The new JR East Suica/QR gate design was unveiled back in December along with the new Takanawa Gateway station details. Test gate installations have been in service at Takanawa Gateway and JR Shinjuku New South exit these past few months but only for Suica and the QR reader covered up. If you have your heart set on trying one out, go to Takanawa Gateway where JR East officials will take the cover off the QR reader from September 15~29 (except for 9/24~27) for public tests.

QR will eventually replace mag strip paper tickets which are increasing expensive to recycle, and the new gates will gradually replace those ingenious paper ticket/Suica combo transit gates made by Omron. I have tried the new gate in Shinjuku and all I can say is…I’m glad I wear my Apple Watch / Apple Pay Suica on the right.

No moving parts is boring…but cheaper than intricate mag strip reading mechanisms

UPDATE: Conflicted Impressions
Junya Suzuki has posted a deeper dive into the QR reader design on the new JR East gates with his usual fascinating analysis. Suzuki san is very big on the evolution of Suica away from local processing to a centrally processed unique ID model that does away with stored fare.

His IT background experience really shines through as he makes a convincing argument that a centralized unique Suica ID approach greatly simplifies the IT system by reducing hot-list/off-list refreshes that have to be coordinated between local and central systems.

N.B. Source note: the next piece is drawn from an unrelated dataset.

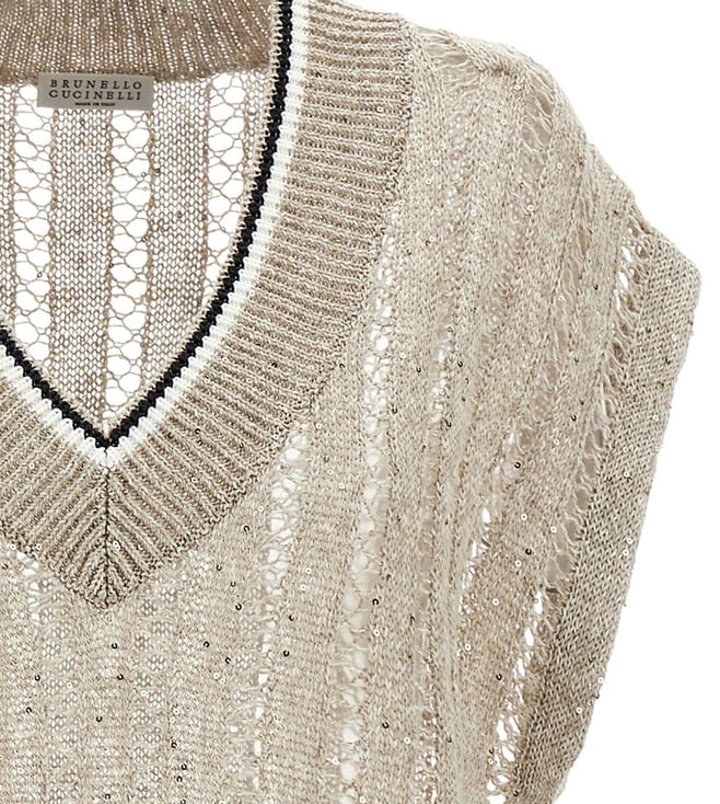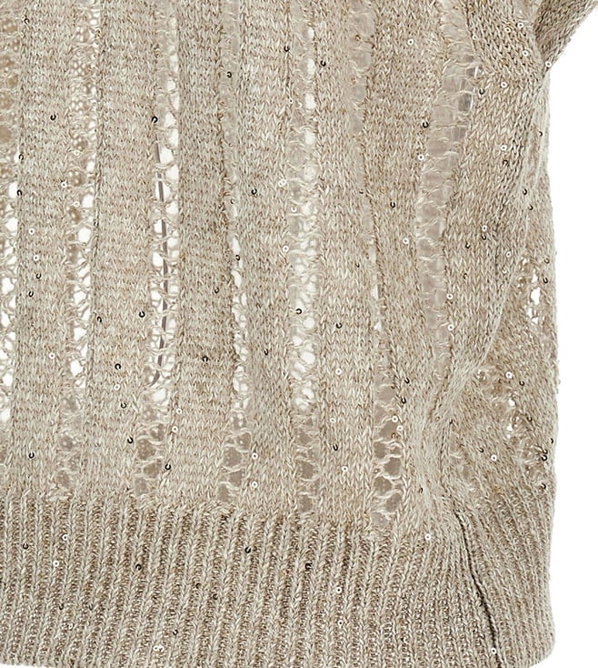 Experience the epitome of casual elegance with the Brunello Cucinelli Beige T-Shirt. This dazzling piece, in a serene beige hue, offers a relaxed fit that effortlessly drapes for a chic silhouette. Crafted from a luxurious blend of 94% linen and 6% nylon, it promises breathability and subtle texture. Designed for the modern woman, this t-shirt combines comfort with sophistication, making it a versatile staple for any wardrobe. Perfect for any occasion, it embodies timeless style and understated luxury.

We’ll have to see how things pan out with next generation FeliCa and next generation ‘Super Suica’ in 2021. There will be a definite focus on cloud + local, but I have doubts that Suzuki san’s centralized everything vision is always the best approach.

Perhaps I am missing something in his analysis, but I think there’s a happy medium that leverages the strengths of both for a robust innovative transit fare payment system as the centerpiece of the transit business platform.

Here’s a recap of his observations and reader feedback:

Separate QR reader placement
In Suzuki san’s piece JR East tech leads explain that widely separate NFC and QR readers work much better than an all-in-one approach. NFC always reacts faster than QR and this creates problems with the all-in-one reader and smartphones when fast, clean, precise read times are required. The gate QR sensor is made by DENSO. If you have ever used a poky DENSO POS QR+NFC reader at store checkout, you can relate.

Security Invisible Ink
As FeliCa Dude points out, JR East is likely using IR transparent ink to create unique ID codes for security. Apparently this is already used for Okinawa Monorail Okica QR paper tickets.

Poor Walk Flow
One of the great things about the mag strip paper ticket gates is they pull the ticket into the machine and spit it out at the other end of the gate. This is clever guided incentive to keep walking to pick up the ticket. With QR code transit gates people stop and wait for the reader to do something. Another nice thing about mag ticket machines is they eat the used tickets. The QR paper ticket downside not mentioned by JR East or the media: where do people put their used tickets for paper recycle? Who and what collects them, a bin?